Look for the line containing "VNI đang trong" and the line containing "エレガントで洗練されたマーメイドシルエットのウェディングドレスです。" in the entries below. Copy those two and all lines between them exactly, leaving out pictures.

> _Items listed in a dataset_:
· · ·
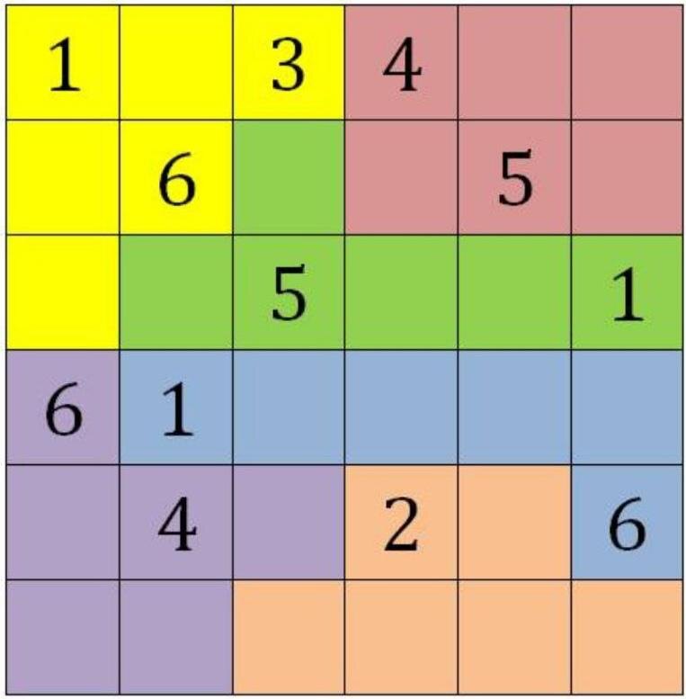 Почти обычный кроссворд судоку. Но! Числа не должны повторяться в строках, столбцах и цветных областях)) Не так просто как кажется. После заполнения судоку и самопроверки полезно попросить кого-то вас перепроверить)) Поделитесь потом легко ли было?)
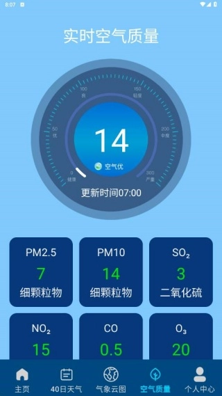4、在空气质量页面,我们能知晓本地空气检测结果,快速查看参数。
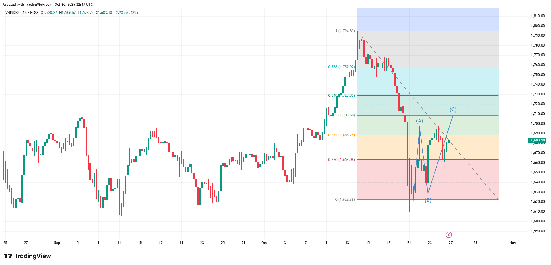 VNI đang trong pha hồi phục với cấu trúc rõ ràng là A-B-C nên người viết chắc chắc rằng chỉ số sẽ gặp cản tại khu vực
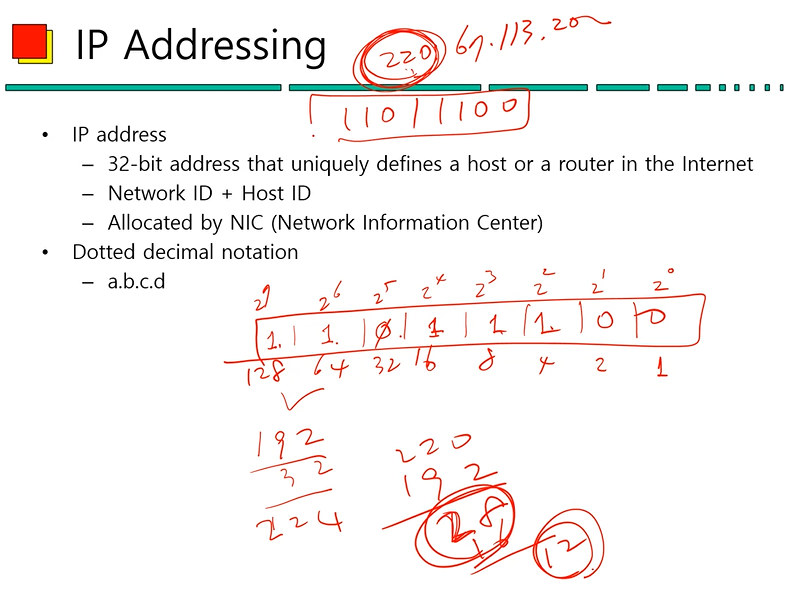 (1) IP 주소의 클래스를 구분할 수 있는데, 네트워크 아이디의 1바이트 부분이 어떻게 시작하는지를 확인해 보면 클래스 구분이 가능하다. 예를 들어 220.67.113.200의 경우 110으로 시작하기 때문에 C 클래스다.
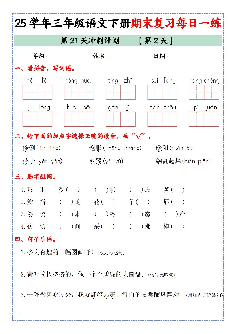 小学 25学年三年级语文下册期末复习每日一练21天冲刺(偶尔)-m
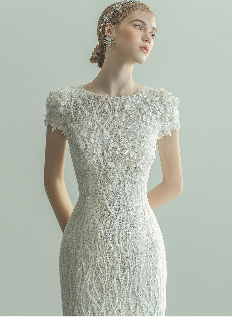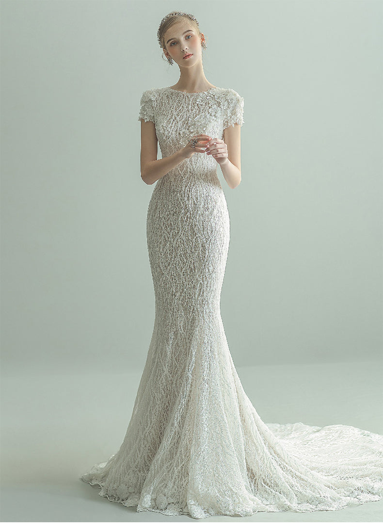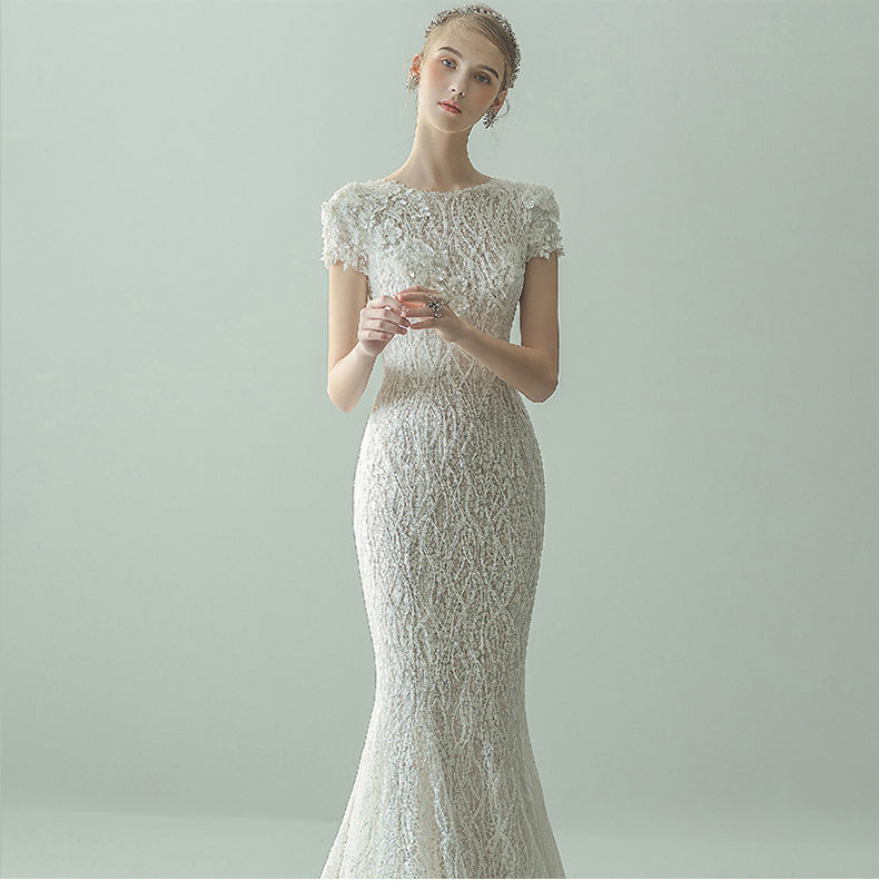 エレガントで洗練されたマーメイドシルエットのウェディングドレスです。
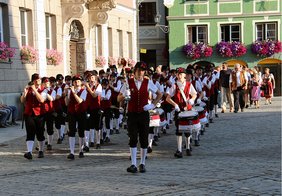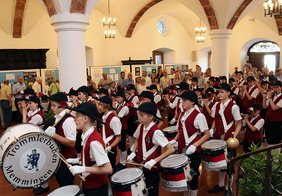 Begleitet von den Trommlerbuben hielten die 28 von 42 noch lebenden ehemaligen Fischerkönigen im Anschluss an das Konzert Einzug ins Rathaus. Laut hallte es durch die Halle „Schmotz, Schmotz, Dreck auf Dreck…“, als die Hoheiten und Gäste lautstark singend in den Marsch der Trommlerbuben einstimmten.
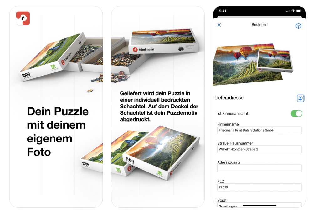 Zur Auswahl stehen in Your Real Photo-Puzzle zwei verschiedene Größen, entweder mit 500 oder 1.000 Teilen. Das Puzzle kann im Bestellvorgang auch per Augmented Reality visualisiert werden, um einen Eindruck für die Größe zu bekommen.
· · ·
> _SOLUTION_:
 VNI đang trong pha hồi phục với cấu trúc rõ ràng là A-B-C nên người viết chắc chắc rằng chỉ số sẽ gặp cản tại khu vực
 (1) IP 주소의 클래스를 구분할 수 있는데, 네트워크 아이디의 1바이트 부분이 어떻게 시작하는지를 확인해 보면 클래스 구분이 가능하다. 예를 들어 220.67.113.200의 경우 110으로 시작하기 때문에 C 클래스다.
 小学 25学年三年级语文下册期末复习每日一练21天冲刺(偶尔)-m
 エレガントで洗練されたマーメイドシルエットのウェディングドレスです。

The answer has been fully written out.